The Newton Wigner eigenstates are given by

[tex]\psi (x) = \sqrt{\omega (\vec{p})} e^{-i\vec{p}\cdot\vec{q_0}[/tex]

(a state localized at position [tex]q_0[/tex] at a time t).

Then the transformed state can be written as (in a basis [tex]{|\vec{q}\rangle}[/tex] of Newton Wigner eigenstates)

[tex]\langle \vec{q} | \psi '\rangle = \int \frac{d^3p}{(2\pi)^{3/2}\omega} \langle \vec{q}|\vec{p}\rangle \langle{\vec{p}|\psi '\rangle[/tex]

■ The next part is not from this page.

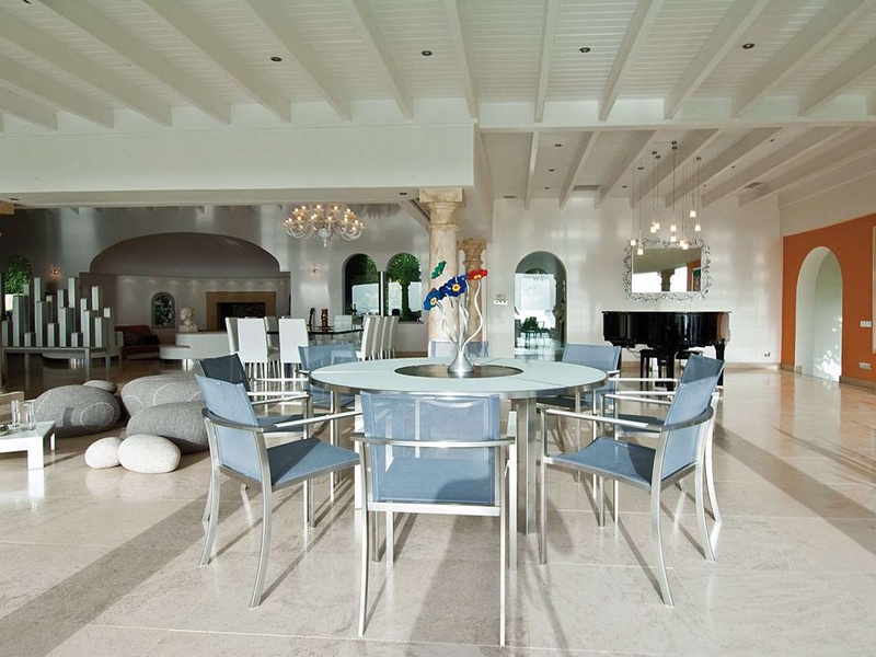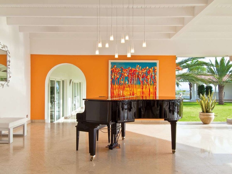 Villa Sandyline (villa code: PIE SAN), is a 6 +1-bedroom villa located in Hillside/Terres Basses within a short walk of the beach and minutes from shopping. Overlooking the Caribbean Sea amid verdurous gardens, this hillside, fully air-conditioned villa presents a blend of Provencal architecture with Philippe Starck contemporary interiors.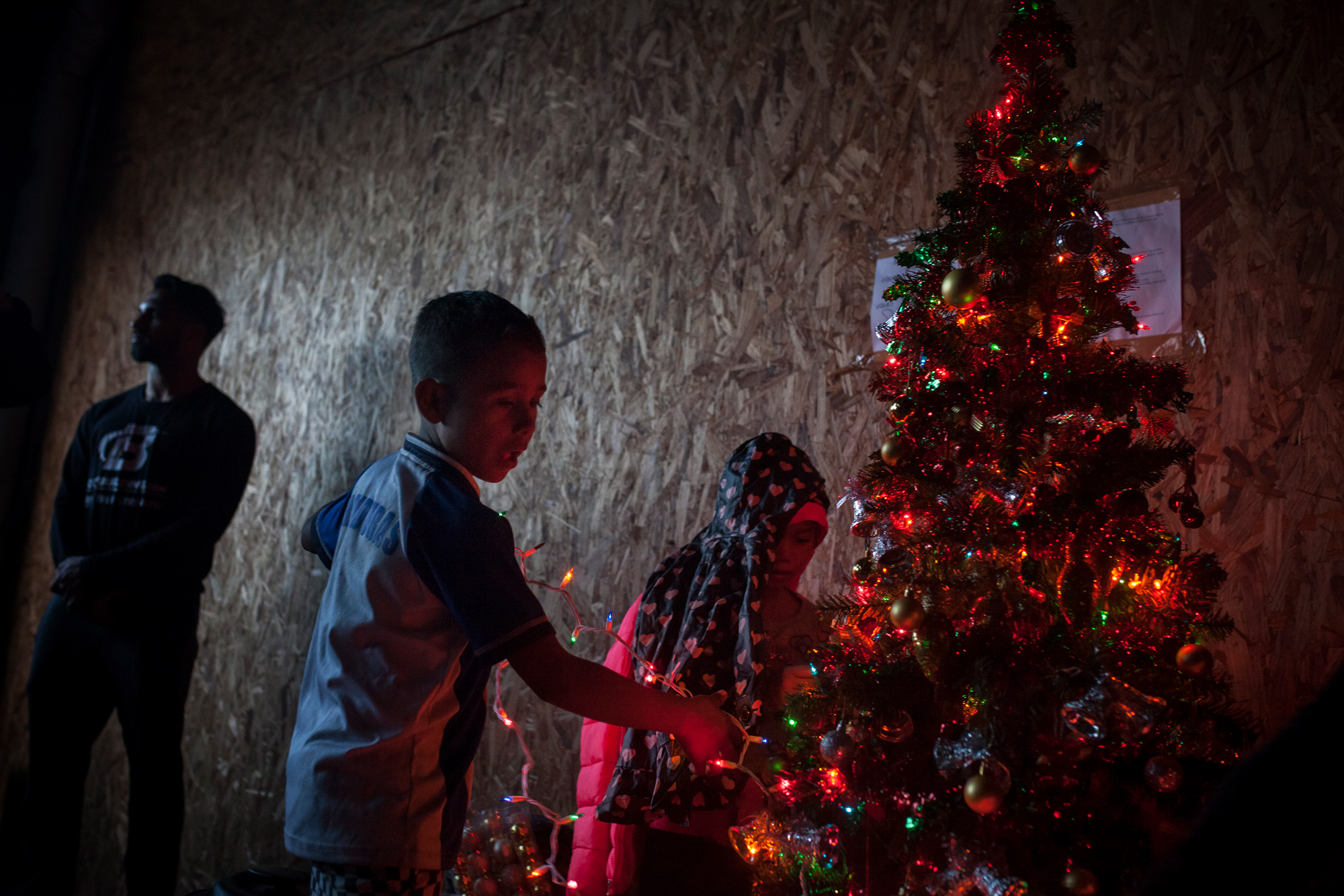 Un grupo de niños monta un árbol de Navidad en un almacén del barrio de la Zona Norte de Tijuana. Antes contaba que muchos migrantes se negaron a irse al otro albergue situado en las afueras, porque querían estar cerca del muro. Algunos resistieron en la calle. Como medida intermedia, las autoridades mexicanas les ofrecieron almacenes como este, porque así al menos podían sacarlos de las calles.

where [tex]\psi'[/tex] denotes the Lorentz transformed state. The integral measure has a factor of [tex]\omega[/tex] in the denominator in order to be Lorentz invariant and [tex]\langle \vec{q}|\vec{p}\rangle = (2\pi)^{-3/2} e^{i\vec{p}\cdot\vec{q}}[/tex].

Unfortunately I do not succeed in evaluating the last inner product.

The whole integral in Mourad reads

[tex]\langle \vec{q} | \psi '\rangle = \sqrt{\gamma} \int \frac{d^3p}{(2\pi)^{3}} \sqrt{\left(1-\frac{\vec{\beta}\cdot\vec{p}}{\omega}\right)}e^{i\vec{p}\cdot (\vec{q}-\vec{q_0'})}[/tex]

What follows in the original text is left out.